What you should do »
Could you retype all of the records exactly, leaving out every picture?

(Extracted entries begins)

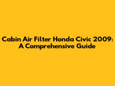 Honda Civic 2009: Cabin Air Filter Replacement Guide
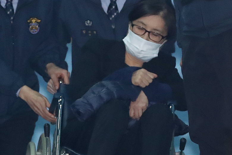 Choi Soon Sil, the central figure in ousted South Korean President Park Geun Hye's corruption scandal, is carried out in a wheelchair from the Seoul Central District Court on Dec 14, 2017.
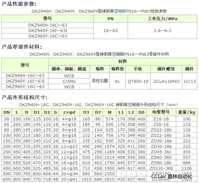 DKZ940H、DKZ940Y、DKZ960Y 型 PN16~PN63 真空閘閥驅(qū)動方式為電動,連接方式為法蘭連接(DKZ960Y 為對接焊連接)、明桿楔式彈性閘板,閥座密封面材料為不銹鋼或硬質(zhì)合金,公稱壓力 PN16~PN63,閥體材料為碳鋼(DKZ940H-16C~63、DKZ960Y-16C~63)、Cr5Mo(DKZ940Y-16I~63I)的真空閘閥。
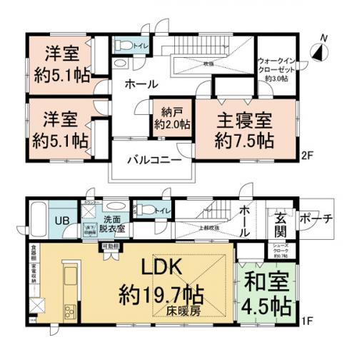 • LDK約19.7帖と和室4.5帖を開口して利用するとお子様の喜ぶ広々空間
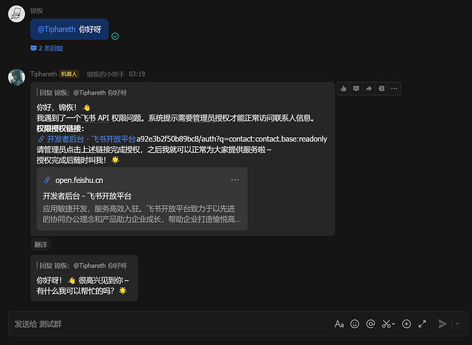 然后我们就可以非常愉快的将openclaw 当成我们飞书群的新员工来和它合作的。简单测试一下消息的通信吧。在刚刚创建的那个飞书群里面,我们@一下这个新的机器人,简单说几句话。

(Extracted entries ends)

Expected answer »
 Honda Civic 2009: Cabin Air Filter Replacement Guide
 Choi Soon Sil, the central figure in ousted South Korean President Park Geun Hye's corruption scandal, is carried out in a wheelchair from the Seoul Central District Court on Dec 14, 2017.
 DKZ940H、DKZ940Y、DKZ960Y 型 PN16~PN63 真空閘閥驅(qū)動方式為電動,連接方式為法蘭連接(DKZ960Y 為對接焊連接)、明桿楔式彈性閘板,閥座密封面材料為不銹鋼或硬質(zhì)合金,公稱壓力 PN16~PN63,閥體材料為碳鋼(DKZ940H-16C~63、DKZ960Y-16C~63)、Cr5Mo(DKZ940Y-16I~63I)的真空閘閥。
 • LDK約19.7帖と和室4.5帖を開口して利用するとお子様の喜ぶ広々空間
 然后我们就可以非常愉快的将openclaw 当成我们飞书群的新员工来和它合作的。简单测试一下消息的通信吧。在刚刚创建的那个飞书群里面,我们@一下这个新的机器人,简单说几句话。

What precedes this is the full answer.